A l'origine homme de cinéma, Philippe Pollet-Villard s'est déjà fait connaître en tant qu'écrivain grâce à deux romans décalés, où la fiction et l'imaginaire ne parvenaient pas à faire oublier des préoccupations sociales, une volonté de comprendre le monde actuel, mais sans grande théorie. Pollet-Villard aime plutôt la satire bien grinçante. C'est à cette veine qu'appartient Mondial Nomade, conte farfelu (en apparence) pour grands enfants qui ne se sentent pas très à l'aise dans l'époque.
C'est le cas de Rem Jean-Charles, quoiqu'il soit devenu milliardaire. Il a bâti sa fortune colossale sur un concept aussi simple que génial. De plus en plus de grandes entreprises françaises délocalisant non seulement leurs usines et leurs bureaux, mais aussi les centaines de milliers d'employés qui vont avec, en particulier vers l'Inde, il a créé la plus grande entreprise mondiale de garde-meubles hyper sécurisés. Les délocalisés, dans la pensée de leur retour au pays, y stockent leurs biens, qu'ils retrouvent intacts. Mais la plupart ne reviennent jamais. Par contrat, leurs possessions peuvent alors être soldées par le gardien. Rem a inondé la France, puis la planète d'énormes cubes signalés par une lumière violette - couleur apaisante -, et Mondial Nomade est devenu l'un des fleurons du nouveau capitalisme, ultralibéral, globalisé.

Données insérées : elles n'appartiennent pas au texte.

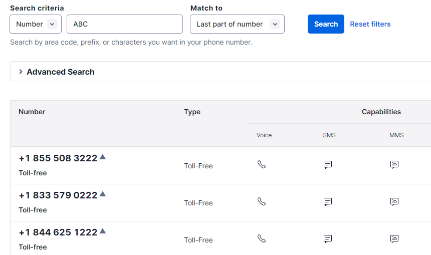 Lease a Toll-Free number that has SMS capabilities. (We recommend searching for a phone number that has numbers or letters that have meaning to your organization!)

Mais, la soixantaine venue, ses actionnaires lui font comprendre qu'il serait temps de prendre sa retraite, de passer les rênes. Rem vend donc Mondial Nomade à un jeune tycoon, qui n'est autre que le fils du président de la République, Cherboleff. Que va-t-il faire de sa vie, cet homme froid, distant, énigmatique, dépressif, à qui nul n'a jamais connu ami, liaison, ni passion aucune ? Et comment dépenser son incommensurable pactole ?
Lui-même l'ignore, jusqu'à ce jour où, vidant les tiroirs de son ex-bureau, il retrouve un méchant Polaroid qui le représente jeune, chevelu, barbu, posant à côté d'un autre hippie, quelque part dans les bas-fonds de New Delhi. Jean-Charles va se mettre dans l'idée de retrouver ce lointain compagnon, dont il finit par se souvenir qu'il s'appelait Marcel, et qu'il était plus ou moins guide de voyages local pour ses compatriotes fauchés. Il s'embarque alors pour l'Inde, à la recherche du Marcel et du temps perdus, en tentant de reconstituer les conditions de son voyage de l'époque : il vole en classe éco, s'habille en routard, prend une carte de crédit de base, et descend dans le même bouge que quarante ans auparavant. Le tenancier est toujours le même, mais maintenant de jeunes Françaises, membres d'une ONG, s'y prostituent pour soulager leurs compatriotes ouvriers, épuisés par leurs lourdes tâches. Ce n'est là que l'une des surprises - pas forcément agréables - qui attendent Rem, dans une Inde devenue une espèce de gigantesque banlieue française, dont les prolétaires sont les nouveaux intouchables. C'est brillant, enlevé, angoissant aussi. Rem d'ailleurs, va finir par s'y perdre.